Symptoms include fatigue, skin rashes, muscle and joint pains, headaches and memory loss, gastrointestinal and respiratory problems. In the August 2, 1997 Atlanta Journal/Constitution a top Pentagon official stated that the Pentagon is investigating exposure to depleted uranium as a cause of Gulf War Syndrome.

U.S. and British forces used about 1 million rounds of armor-piercing shells containing depleted uranium during Operation Desert Storm. This is the first time that this toxic heavy metal, 1.6 times denser than lead, has been used in warfare. Depleted uranium was also used to construct the M1A1 tanks used by U.S. troops. The article cites a 1990 study which found that "short-term effects of high doses of depleted uranium can result in death, while long-term effects of low doses have been implicated in cancer."

When shells containing depleted uranium explode, some of the uranium aerosolizes, increasing the risk of exposure through inhalation. While the army was aware of the danger, officers failed to warn or train the exposed soldiers, or to take any precautions.

Readers of the Militant may also be interested to read an article entitled "The Gulf War Within," which appears in the August 1997 issue of Discover magazine. The article explores evidence for exposure to a mixture of toxic chemicals as the cause of Gulf War Syndrome.

Recently, after years of denial and covers, the Defense Department was forced to admit that at least 20,000 soldiers may have been exposed to nerve gas, including the deadly sarin, released into the air from bombings of Iraqi ammunitions depots that contained chemical weapons. The CIA hinted in March 1997 that the real figure for those exposed may be closer to hundreds of thousands. Soldiers were exposed to at least four broad classes of chemicals: petroleum and petroleum products used for fuel and sprayed to dampen down sand and dust; pesticides and insect repellents, which were sprayed on uniforms, skin, and used to fumigate; drugs and vaccines, including pyridostigmine bromide, used to shield against nerve gas effects; and biological and chemical weapons.

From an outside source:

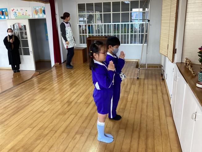 本日は12月のお参りを行いました。今年最後のお参りです。代表のお友だちによる献灯献花献香を行った後は、理事長先生の法話。今日の法話は「今年の振り返りと仏様の姿について」一年の最後大晦日では除夜の鐘がなります。そこで一年を振り返り今年を静かに振り返る。ひかり幼稚園のお友だちもお参りの時間を通して今年を静かに振り返り、その様子をののさまに見守ってもらいました。

The scientists theorized that pyridostigmine bromide, while shielding against effects of nerve gas, paradoxically prevents the body from detoxifying pesticides. Even evidence from Pentagon-sponsored studies conducted in the 1970s showed long-term effects in workers at the Rocky Mountain Arsenal near Denver who had been exposed to low doses of sarin. Low levels of exposure produced long-term changes in brain patterns, leading to fatigue, memory loss, sleep disturbances - all symptoms of Gulf War Syndrome.

Meanwhile, the Pentagon announced last February that 80 percent of its logs pertaining to exposure to chemical or biological weapons, including from the ammunition depot bombings, had mysteriously disappeared.

Marla Puziss

Atlanta, Georgia

Political opponents
The quote from Young Socialists National Executive Committee organizer and Socialist Workers Party leader Jack Willey, "Whenever we fall into the self-defeating notion that our political opponents prefer inactivity to activity, you can be sure these currents are influencing and recruiting young fighters who revolutionists could have won," ["SWP holds national convention" in July 14, 1997, Militant] rang true to me.

Militant readers will be interested to know that here, the Socialist Party of Australia, the traditional "pro- Moscow" Stalinist organization, renamed itself Communist Party of Australia in late 1996, in a move clearly designed to attract, influence, and recruit young fighters and others.

Doug Cooper

Sydney, Australia

The letters column is an open forum for all viewpoints on subjects of general interest to our readers. Please keep your letters brief. Where necessary they will be abridged. Please indicate if you prefer that your initials be used rather than your full name.